Einstein showed from his theory of special relativity that it is necessary to treat mass as another form of energy. Before the advent of this theory of special relativity it was presumed that mass and energy were conserved separately in a reaction. However, Einstein showed that mass is another form of energy and one can convert mass-energy into other forms of energy, say kinetic energy and vice-versa.

Einstein gave the famous mass-energy equivalence relation

E = mc² (13.6)

Here the energy equivalent of mass m is related by the above equation and c is the velocity of light in vacuum and is approximately equal to 3×10⁸ m s⁻¹.

Example 13.2 Calculate the energy equivalent of 1 g of substance.

Solution
Energy, E = 10⁻³ × (3 × 10⁸)² J
E = 10⁻³ × 9 × 10¹⁶ = 9 × 10¹³ J
Thus, if one gram of matter is converted to energy, there is a release of enormous amount of energy.

In Section 13.2 we have seen that the nucleus is made up of neutrons and protons. Therefore it may be expected that the mass of the nucleus is equal to the total mass of its individual protons and neutrons. However, the nuclear mass M is found to be always less than this. For example, let us consider 16O; a nucleus which has 8 neutrons and 8 protons.

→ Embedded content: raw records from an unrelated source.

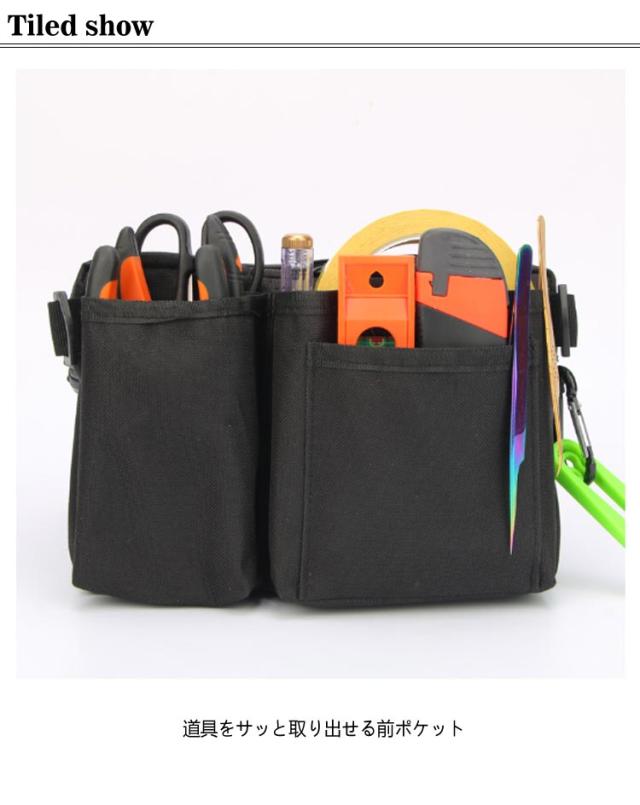 | ・道具をサッと取り出せる前ポケット ・たっぷり入るメインポケット大容量 ・ウエストベルト調整可能 ・防水加工 ・ダブルジップにより開け閉め簡単 | |
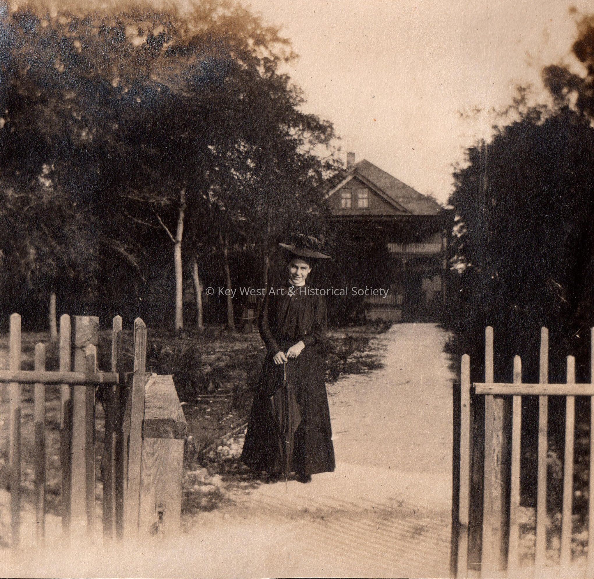 Unknown woman in front of a house.
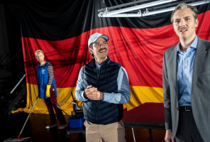Warum hängen in unserem Zuschauerraum so viele Fernseher? Wie kann man riesige Ölgemälde innerhalb von Sekunden verschwinden lassen? Und wie macht man falsche Bärte?
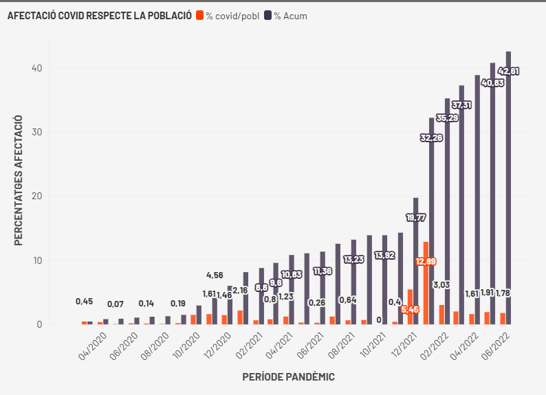 dades històriques dels cassos reportats de covid19 al municipi d'artés entre el mes de març de l'any 2020 i el juny de l''any 2022 i acumulat total relatius a la població total
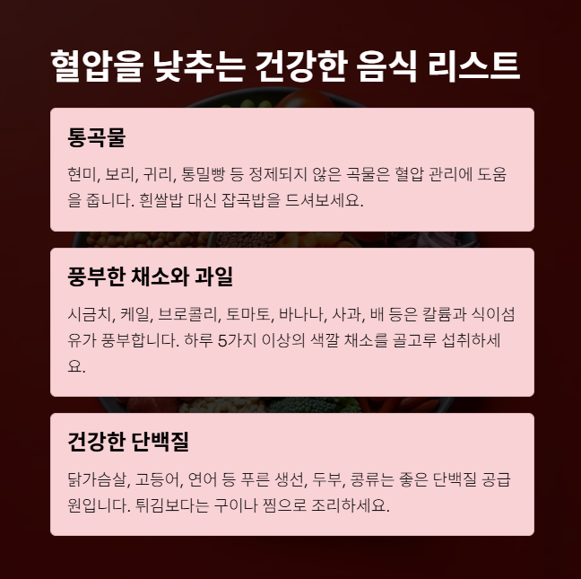 1. 혈압 관리의 핵심! 건강한 식단과 걱정 없이 먹을 수 있는 음식들

Mass of 8 neutrons = 8 × 1.00866 u
Mass of 8 protons = 8 × 1.00727 u
Mass of 8 electrons = 8 × 0.00055 u

Therefore the expected mass of 16O nucleus = 8 × 2.01593 u = 16.12744 u.

The atomic mass of 16O found from mass spectroscopy experiments is seen to be 15.99493 u. Subtracting the mass of 8 electrons (8 × 0.00055 u) from this, we get the experimental mass of 16O nucleus to be 15.99053 u. Thus, we find that the mass of the 16O nucleus is less than the total mass of its constituents by 0.13691u.

The difference in mass of a nucleus and its constituents, ΔM, is called the mass defect, and is given by

ΔM = [Zmp + (A-Z)mn] - M (13.7)

What is the meaning of the mass defect? It is here that Einstein’s equivalence of mass and energy plays a role. Since the mass of the oxygen nucleus is less than the sum of the masses of its constituents (8 protons and 8 neutrons, in the unbound state), the equivalent energy of the oxygen nucleus is less than that of the sum of the equivalent energies of its constituents. If one wants to break the oxygen nucleus into 8 protons and 8 neutrons, this extra energy ΔE must be supplied.

A more useful measure of the binding between the constituents of the nucleus is the binding energy per nucleon, E_b, which is the ratio of the binding energy E_b of a nucleus to the number of the nucleons, A, in that nucleus:

E_b = E / A (13.9)

We can think of binding energy per nucleon as the average energy per nucleon needed to separate a nucleus into its individual nucleons.

Figure 13.1 is a plot of the binding energy per nucleon E_b versus the mass number A for a large number of nuclei. We notice the following main features of the plot:
(i) the binding energy per nucleon, E_b, is practically constant, i.e. practically independent of the atomic number for nuclei of middle mass number (30 < A < 170).

(ii) E_b is lower for both light nuclei (A<30) and heavy nuclei (A>170).